Eur J Biochem. 1991 Oct 1;201(1):217-22. doi: 10.1111/j.1432-1033.1991.tb16277.x.
A complete microcalorimetric investigation of the interactions between the native subunits of the bovine pancreatic procarboxypeptidase A-S6 ternary complex has been performed. All the association constants and thermodynamic parameters associated with the reactions forming the various complexes have been determined. The influence of pH and ionic strength on the binding reactions has been investigated. Interestingly, the affinity between the subunits is not significantly modified by varying the ionic strength. In this respect, an enthalpy/entropy compensatory effect is observed for the binding of subunit III to subunit I when the ionic strength is increased, suggesting a physiological function for the association. The various pathways for formation of the ternary complex have been studied. Binding of subunit II (or III) to subunit I, the central element of the ternary complex, does not significantly modify the affinity of the other subunit for subunit I. From a thermodynamic point of view, the same final state is obtained whatever the pathway of ternary complex formation. This study is the first step of a kinetic investigation of the associated subunits.

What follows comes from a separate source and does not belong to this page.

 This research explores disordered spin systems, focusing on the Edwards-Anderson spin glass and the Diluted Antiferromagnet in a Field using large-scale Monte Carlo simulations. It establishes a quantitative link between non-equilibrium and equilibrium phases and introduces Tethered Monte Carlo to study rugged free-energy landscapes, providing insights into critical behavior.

已对牛胰羧肽酶原A - S6三元复合物天然亚基之间的相互作用进行了全面的微量量热研究。已确定了与形成各种复合物的反应相关的所有缔合常数和热力学参数。研究了pH和离子强度对结合反应的影响。有趣的是,改变离子强度不会显著改变亚基之间的亲和力。在这方面,当离子强度增加时,观察到亚基III与亚基I结合的焓/熵补偿效应,表明这种缔合具有生理功能。已研究了三元复合物形成的各种途径。亚基II(或III)与三元复合物的核心元件亚基I的结合,不会显著改变另一个亚基与亚基I的亲和力。从热力学角度来看,无论三元复合物形成的途径如何,都会得到相同的最终状态。这项研究是对相关亚基进行动力学研究的第一步。